The encoder 700 may further comprise an interface 730 for receiving an input audio
signal 740 that is to be encoded and/or for outputting an encoded representation 750
of the audio signal.
[0080] The present disclosure further relates to decoders for decoding an audio signal from
an encoded representation of the audio signal that are capable of and adapted to perform
the decoding methods described throughout the disclosure. An example of such decoder
800 is schematically illustrated in
Fig. 8 in block diagram form. The decoder 800 comprises a processor 810 and a memory 820
coupled to the processor 810. The processor 810 is adapted to perform the method steps
of any one of the decoding methods described throughout the disclosure. To this end,
the memory 820 may include respective instructions for the processor 810 to execute.
The decoder 800 may further comprise an interface 830 for receiving an input encoded
representation 840 of an audio signal that is to be decoded and/or for outputting
the decoded (i.e., reconstructed) audio signal 850.
[0081] The present disclosure further relates to computer programs comprising instructions
to cause a computer, when executing the instructions, to perform the encoding or decoding
methods described throughout the disclosure.
[0082] Finally, the present disclosure also relates to computer-readable storage media storing
computer programs as described above.
Interpretation
[0083] Unless specifically stated otherwise, as apparent from the following discussions,
it is appreciated that throughout the disclosure discussions utilizing terms such
as "processing," "computing," "calculating," "determining", analyzing" or the like,
refer to the action and/or processes of a computer or computing system, or similar
electronic computing devices, that manipulate and/or transform data represented as
physical, such as electronic, quantities into other data similarly represented as
physical quantities.
[0084] In a similar manner, the term "processor" may refer to any device or portion of a
device that processes electronic data, e.g., from registers and/or memory to transform
that electronic data into other electronic data that, e.g., may be stored in registers
and/or memory. A "computer" or a "computing machine" or a "computing platform" may
include one or more processors.
[0085] The methodologies described herein are, in one example embodiment, performable by
one or more processors that accept computer-readable (also called machine-readable)

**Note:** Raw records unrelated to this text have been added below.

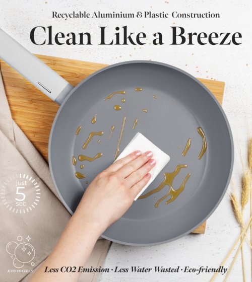 - díky nadstandartním nepřilnavým vlastnostem titanového povrchu je čištění nádobí rychlé a nenáročné, stačí omýt teplou vodou a houbičkou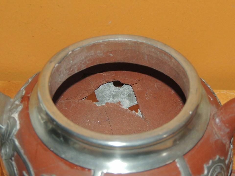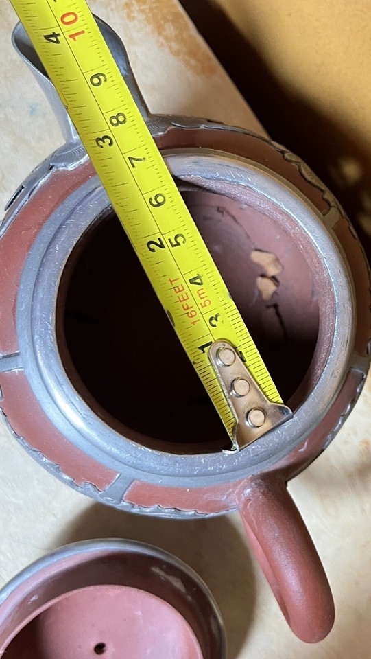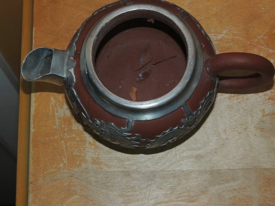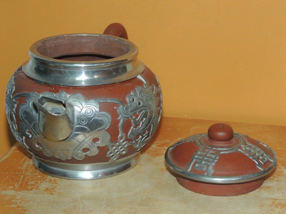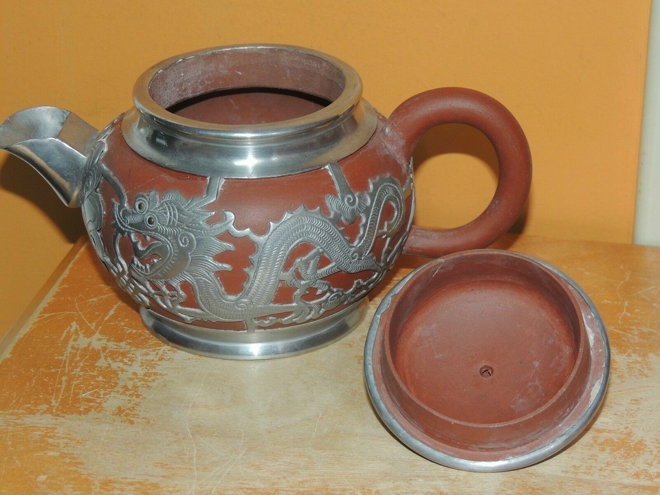 Antique Chinese 4.5" Yixing Zisha Creamer pewter dragon Wen Hua Shun Wei Hai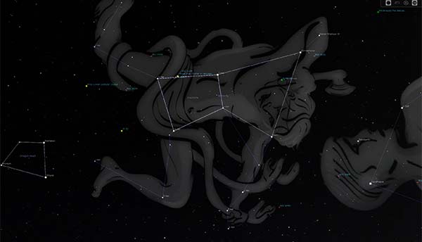 His other labors involved killing Hydra the 9-headed snake, a giant crab (Cancer), capturing a large deer (the antlers are formed with the stars from Cassiopeia), killing a Cretan bull (Taurus), and several other creatures.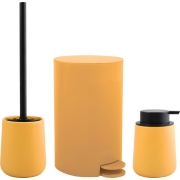 Badkamer accessoires set in het saffraan geel, bestaande uit een pedaalemmertje, een toiletborstel en een luxe zeeppompje. De kleine kunststof pedaalemmer heeft een inhoud van 3 liter. De…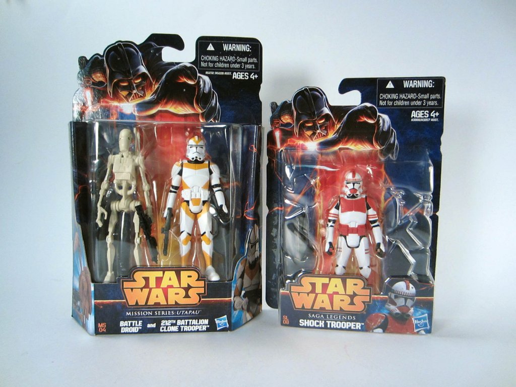 Each figure is a new sculpt in this line, but not the Battle Droid. The Clone Trooper is the same body used on the Saga Legends 2013 Clone Trooper (AOTC) as well as the Shock Trooper and Utapau Clone Trooper. The Battle Droid is available with Jango Fett with a different paint job, but all of the new sculpts debuted in July 2013 together in these new waves.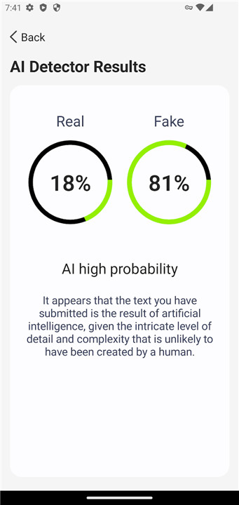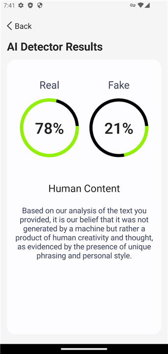 The AI Detector features a sleek and user-friendly interface. On the results page, you'll find a straightforward design that shows the percentage of AI-generated content detected, enabling you to quickly assess the authenticity of the text you’re reviewing. With our app’s intuitive layout, you can expect accurate and dependable results every time.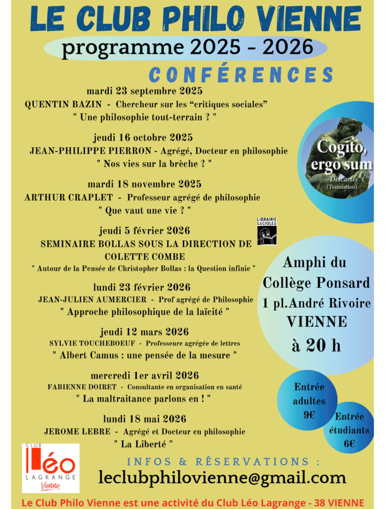 Mardi 18 novembre 20h, à l’amphi du Collège Ponsard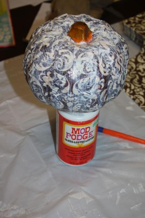 Принцип везде одинаковый, много писать не буду, по фотографиям все понятно. Вырезать узор из распечатки или отделить салфетку от слоев и нарезать ее на полоски, приклеить к тыкве с помощью клея для декупажа.

code containing a set of instructions that when executed by one or more of the processors
carry out at least one of the methods described herein. Any processor capable of executing
a set of instructions (sequential or otherwise) that specify actions to be taken are
included. Thus, one example is a typical processing system that includes one or more
processors. Each processor may include one or more of a CPU, a graphics processing
unit, and a programmable DSP unit. The processing system further may include a memory
subsystem including main RAM and/or a static RAM, and/or ROM. A bus subsystem may
be included for communicating between the components. The processing system further
may be a distributed processing system with processors coupled by a network. If the
processing system requires a display, such a display may be included, e.g., a liquid
crystal display (LCD) or a cathode ray tube (CRT) display. If manual data entry is
required, the processing system also includes an input device such as one or more
of an alphanumeric input unit such as a keyboard, a pointing control device such as
a mouse, and so forth. The processing system may also encompass a storage system such
as a disk drive unit. The processing system in some configurations may include a sound
output device, and a network interface device. The memory subsystem thus includes
a computer-readable carrier medium that carries computer-readable code (e.g., software)
including a set of instructions to cause performing, when executed by one or more
processors, one or more of the methods described herein. Note that when the method
includes several elements, e.g., several steps, no ordering of such elements is implied,
unless specifically stated. The software may reside in the hard disk, or may also
reside, completely or at least partially, within the RAM and/or within the processor
during execution thereof by the computer system. Thus, the memory and the processor
also constitute computer-readable carrier medium carrying computer-readable code.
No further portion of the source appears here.